# WHAT YOU SHOULD DO
Print the listing below again, exactly. Skip the pictures.

# SUPPLIED INFORMATION
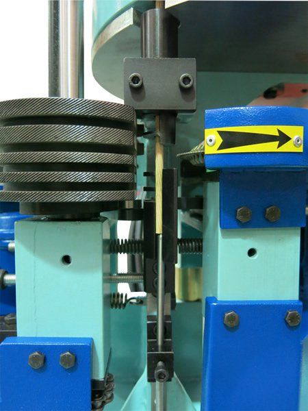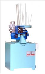 Automatyczna maszyna cięcia przekrojowego, dla prostopadłego cięcia i fazowania górnego-dolnego rowkowanych oraz zwykłych drewnianych kijów do produkcji kołków o długości 20 - 100 mm oraz o zakresach średnicy 6 - 18 mm.
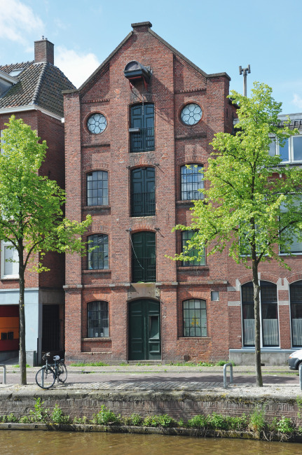 Het gebouw is opgetrokken op een rechthoekige plattegrond en telt vier bouwlagen onder een zadeldak. De voorgevel is drie traveeën breed en opgetrokken uit donkerrode baksteen. De middelste travee bevat de hijsdeuren. Tegen de geveltop is een houten trijshuis aangebracht. De gevelhoeken zijn tot lisenen uitgemetseld. De middelste travee heeft dezelfde dikte gekregen als de gevelhoeken, waardoor de raamtraveeën terug lijken te liggen.
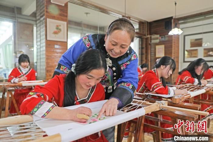 图为彭水绣娘正在学习制作苗绣。赵勇摄
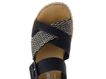 Komfortní sandály na klínku od značky Rieker jsou ideální volbou pro jarní a letní dny. Tyto páskové boty v elegantní černé barvě s černobílým vzorem nabízejí prostornou kulatou špičku, která je označena jako "extra width", což je perfektní pro normální i širší chodidlo. Svršek je vyroben z kombinace lehce mačkané syntetiky a splétané textilie, což zajišťuje jak styl, tak pohodlí.

# FINISHED EXERCISE
 Automatyczna maszyna cięcia przekrojowego, dla prostopadłego cięcia i fazowania górnego-dolnego rowkowanych oraz zwykłych drewnianych kijów do produkcji kołków o długości 20 - 100 mm oraz o zakresach średnicy 6 - 18 mm.
 Het gebouw is opgetrokken op een rechthoekige plattegrond en telt vier bouwlagen onder een zadeldak. De voorgevel is drie traveeën breed en opgetrokken uit donkerrode baksteen. De middelste travee bevat de hijsdeuren. Tegen de geveltop is een houten trijshuis aangebracht. De gevelhoeken zijn tot lisenen uitgemetseld. De middelste travee heeft dezelfde dikte gekregen als de gevelhoeken, waardoor de raamtraveeën terug lijken te liggen.
 图为彭水绣娘正在学习制作苗绣。赵勇摄
 Komfortní sandály na klínku od značky Rieker jsou ideální volbou pro jarní a letní dny. Tyto páskové boty v elegantní černé barvě s černobílým vzorem nabízejí prostornou kulatou špičku, která je označena jako "extra width", což je perfektní pro normální i širší chodidlo. Svršek je vyroben z kombinace lehce mačkané syntetiky a splétané textilie, což zajišťuje jak styl, tak pohodlí.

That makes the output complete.